Q&A 8 How do you test if the mean of two groups is significantly different?

8.1 Explanation

You can use a t-test to compare the means of two independent groups. This test checks whether the difference in means is statistically significant. ## Python Code

import pandas as pd
from scipy.stats import ttest_ind

# Load sample data
df = pd.read_csv("data/iris.csv")

# t-test between two species
group1 = df[df['species'] == 'setosa']['sepal_length']
group2 = df[df['species'] == 'versicolor']['sepal_length']

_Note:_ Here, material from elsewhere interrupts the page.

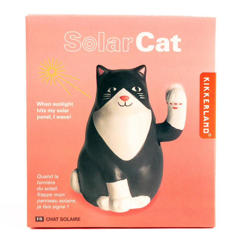 Inspired by the iconic Japanese lucky cat, this waving kitty is powered by the sun! Place her on your windowsill and her beckoning paw will wave and grant you good luck. Featuring a black and white tuxedo cat figurine.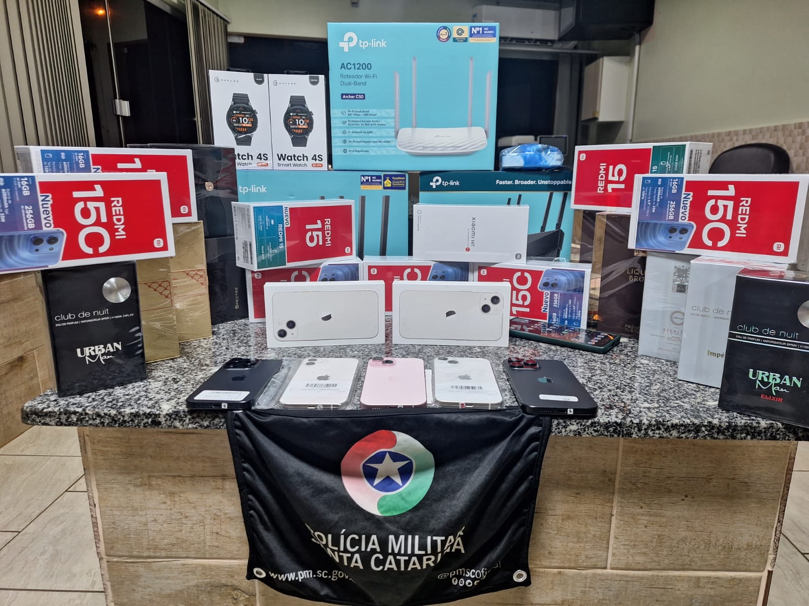 Diante da suspeita, as embalagens foram abertas na presença do motorista, de 31 anos. No interior, foram localizados iPhones novos e recondicionados, perfumes, smartwatches, roteadores e outros eletrônicos. As mercadorias, oriundas do Paraguai e sem comprovação de desembaraço aduaneiro, foram avaliadas em aproximadamente R$ 25.400,00. As caixas estavam identificadas com sacolas de uma loja conhecida localizada no Paraguai e tinham como destino a cidade de Joaçaba-SC.

t_stat, p_val = ttest_ind(group1, group2)
print(f"T-statistic: {t_stat}, P-value: {p_val}")
T-statistic: -10.52098626754911, P-value: 8.985235037487079e-18

8.2 R Code

library(readr)
library(dplyr)

# Load data
df <- read_csv("data/iris.csv")

# t-test between two species
setosa <- df %>% filter(species == "setosa") %>% pull(sepal_length)
versicolor <- df %>% filter(species == "versicolor") %>% pull(sepal_length)

t.test(setosa, versicolor)

    Welch Two Sample t-test

data:  setosa and versicolor
t = -10.521, df = 86.538, p-value < 2.2e-16
alternative hypothesis: true difference in means is not equal to 0
95 percent confidence interval:
 -1.1057074 -0.7542926
sample estimates:
mean of x mean of y 
    5.006     5.936